After the independence of Pakistan in August 1947, Iran had the unique distinction of being the first country to internationally recognise its sovereign status.

Currently, both countries are economic partners. This cooperation lasted throughout the Cold War, with Iran supporting Pakistan in its conflicts with arch-rival, India.

In return, Pakistan supported Iran militarily during the Iran-Iraq War in the 1980s. Since 2000, relations between the two states have been relatively normalised and economical and military collaboration has strengthened the relationship. Both countries are founding members of the Economic Cooperation Organisation.

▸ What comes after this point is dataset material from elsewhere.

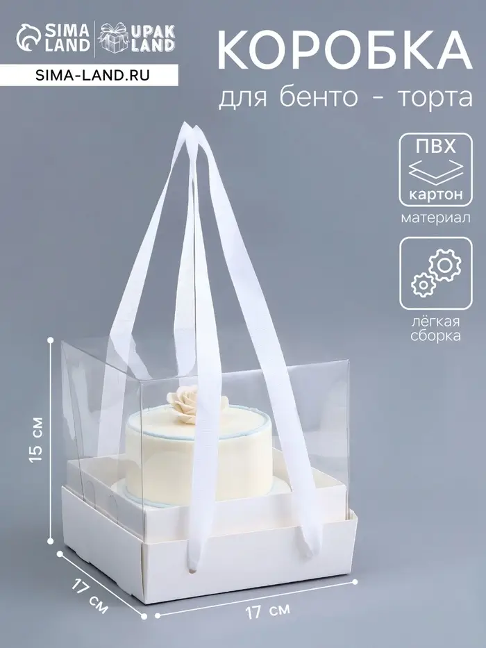 - Квадратный формат 17×17×15 см для небольших тортов и десертов: Габариты подходят для упаковки бенто-тортов, муссовых десертов, чизкейков и порционных пирожных на подложке. Высота 15 сантиметров оставляет запас для мастичных фигурок, шоколадного декора и ягодных композиций. Коробка вмещает стандартный десерт для небольшой компании.

Recent difficulties have included disputes over trade, and political position. While Pakistan’s foreign policy maintains balanced relations with Saudi Arabia, the United States, and the European Union, Iran tends to warn against it, and raised concerns about Pakistan’s alleged backing of the Taliban during the fourth phase of civil war in Afghanistan in the last years of the 20th century.

Nevertheless, economic and trade relations continued to expand in both absolute and relative terms, leading to the signing of a Free Trade Agreement between the two countries in 1999. At present, both countries are cooperating and forming alliances in a number of areas of mutual interest, such as fighting the drug trade along their common border and combating Afghan tribal insurgency along their border.

Iran has been a respected, popular, and favoured nation among Pakistanis, with 76% of Pakistanis viewing their western neighbour positively, making Pakistan the most pro-Iran nation in the world.

Defence analyst Lt. General Amjad Shoaib (retd) said Pakistan will definitely perform advisory role in Saudi-led military alliance but other countries have their own political significance in the world. “Pakistan needs a cautious foreign policy in this regard because we need to sustain our relations with Iran,” he said. General Shoaib said the upcoming visit of Iranian President to Pakistan will improve the bilateral ties.

Zafar Jaspal, a senior political analyst, said Pakistani leadership has adopted a rational approach to the Middle East crisis up till now. “I am optimistic Pakistan will be successful in reducing the tension between the two Muslim countries,” he added.